Consequently, when the mean of the discounted values equals the start value of the underlying, the test passes. These tests are also called Martingale test in literature. We can conclude that our GPU generated paths satisfy the arbitrage free conditions on all implemented models. These Martingale tests are incorporated in the unit test suite of the delivered Python packages.
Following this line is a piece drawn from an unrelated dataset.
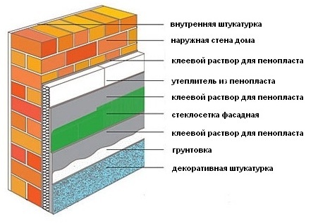 Если заранее планировалось, что стена утеплённая пенопластом будет штукатурится, то при установке (крепеже) пенопластовых плит под дюбеля зонтики, прижимающие пенопласт сразу раскатывается специальная сетка под штукатурку, бывает она металлическая и полимерная. Металлическая бывает из оцинкованного и черного и биметаллического металла, с разным диаметром ячейки и способа плетения, самая дешёвая эта которая методом штамповки и растяжения, а самая дорогая из биметалла плетёно сварная, а вот полимерные тоже бывают толстостенные практически как сетка для арок и до качеств тоненькой москитки, я бы порекомендовал металлическую, оцинкованную, плетённую сетку - она и притянется лучше и форму держать будет. Если сетку сразу не притянули, значит притягиваем крепежом (пробки и заморезы), я лично приклеиванием полимерной не доверяю, это не на долго, а вот прикрученная металлическая армировка это вещь. Штукатурку берём для фасадных работ, покупайте тёмную (по цвету напоминает церазит плиточный клей) в ней цемента больше, а гипсов меньше, она дольше постоит и штукатурим, ни чем эта манипуляция не отличается от обычного штукатурки, первый раз проходим и выравниваем поверхность, даём время подсохнуть (учтите что на пенопласте сохнет дольше чем на кирпичной стене, поэтому возможно придётся подождать и сутки!) а второй раз наносим слой примерно 5мм ровняя шпателем правилом и растирая доской для штукатурки. Когда высохнет и зажелезнеет раствор это примерно 3 дня можно красить.

Figure 12 Histogram of the difference in the last period of sample Heston-Euler paths generated by the GPU (SP) and the CPU (DP)

### **Pay-off function**

In the payoff function the sum of the payoff is returned. This procedure is sensitive to rounding errors caused by single precision usage. Truncation of each element before it is summed can result in an under estimation. For this reason, we used a reduce sum implementation which NVidia also used in their American option pricing example. By recursively summing items, the potential accumulated rounding error is of order  $O(\log n)$  instead of order O(n) when a naïve summation is performed [18].

# **5** Applications

During the master project, we developed two Python packages and made a mock up model to simulate the performance behavior of nested simulations in existing models. The released Python packages contain a framework to be used by the consultants and can be extended with different financial models. In the development process we started using an analytical traceable model: Black-Scholes [19] (BS). By starting with this relative simple model first, we were able to unit test most of the simulation framework. After the BS implementation, the models were extended using more advanced models like Heston [20] and Cheyette [21]. Both extensions served as a use case for the applicability of the underlying technical architecture. In the following sections we discuss the three nested simulation applications and its design. Subsequently we evaluated its performance. Finally we recap on some guidelines for using the proposed framework for model extensions.

# 5.1 Calibration model

In order to absorb the economic conditions from a real world scenario (the parent simulation) in the risk neutral simulation the model parameters of the risk neutral models should inherit properties of the state of its parent. As is explained in section 3.3, a Dynamic factor model (DFM) is used to incorporate time dependent and scenario dependent information in the model parameters. In the calibration process, we are interested in a constant a and b and a time depended variable x. We started to model the volatility of the BS model[19] in the DFM setting first. After covering most of the simulation logic with unit tests we extend the calibration model with a stochastic volatility model, Heston-Euler. The package is released with an example script where monthly S&P 500 implied volatilities are calibrated with the DFM. In this case, we calibrated on 106 historic months of option data.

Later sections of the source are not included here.